『防衛費不払い』

やましん(テンパー)

『防衛費不払い』

 

 『これは、宇宙娯楽オペラ風味フィクションです。他意はございません。』





 近年は、ミサイルも精度が高くなり、どんな外国からでも、誤差数ミリ以下とかで、ミサイルが飛んでくる。


 明らかに、ある人物を狙ってくるわけだ。


 しかも、限定された数メートル範囲にしか被害が出ないとか、というのもある。ただし、その狭い範囲内は、ほぼ、完璧に消滅する。しかし、消滅すると、成果が確かめにくいとか、周囲に与える恐怖感が小さいとか、欠点もあった。


 まあ、使い方次第である。



 ガチャだま連合国は、長年、となりのアッケラカーン共和国と対立して、戦争ばかりしてきた。

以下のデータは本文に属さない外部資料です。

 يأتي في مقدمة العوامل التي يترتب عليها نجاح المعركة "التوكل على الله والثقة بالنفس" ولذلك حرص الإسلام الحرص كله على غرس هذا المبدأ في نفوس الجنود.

 このほど、ガチャだまの首相が野党の党首と、交代したのである。

 

 まあ、そうしたことは、良くあることで、あまり国民も気にはしなかった。


 ところが、この新首相は、アッケラカーン共和国の大統領と、あまり、知られざる、つながりがあったのだ。


 だから、久し振りに、和平がなるのではないかとも、識者の一部には期待されていたのである。

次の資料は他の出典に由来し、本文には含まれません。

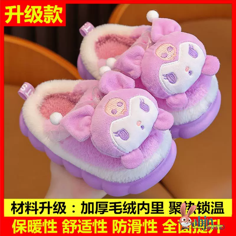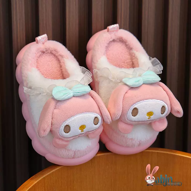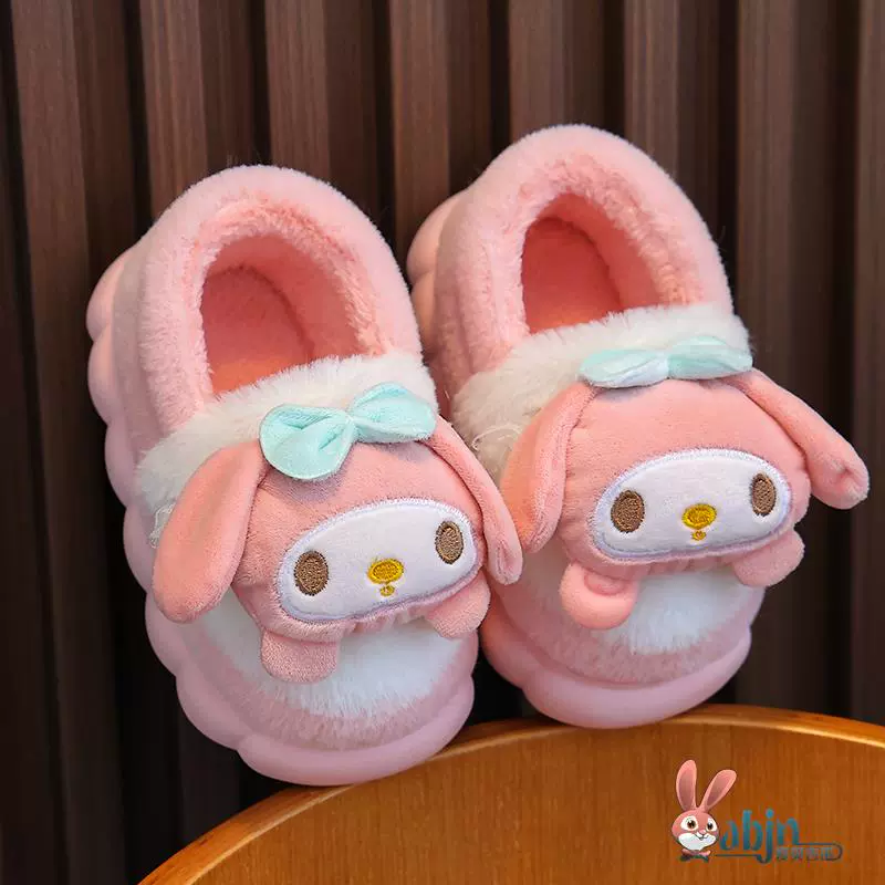 Sanrio children's cotton slippers autumn and winter girls' cute indoor bag with princess big-eared dog parent-child plush slippers for men

 周囲の国々も、かなり、戦争疲れしていたから、いいかげんに平和な時代にはしたかったのだが、なかなか、それぞれ、諸般の事情はあったのだ。


 一番の問題は、極超大国『地球』と、超大国『火星』の対立である。


 ガチャだまも、アッケラカーンも、地球の月に位置していた。月には、7つの国が乱立していたが、この2国が他を圧倒していた。


 しかし、いまや、地球から火星は、2時間程度の通勤範囲である。


 そのふたつの対立は、回りを振り回さない訳がない。


 地球は、ガチャだまを、火星は、アッケラカーンを支援していた。


 とはいえ、火星は、やはり、地理的には、地球の月にたいしては、やや、不利である。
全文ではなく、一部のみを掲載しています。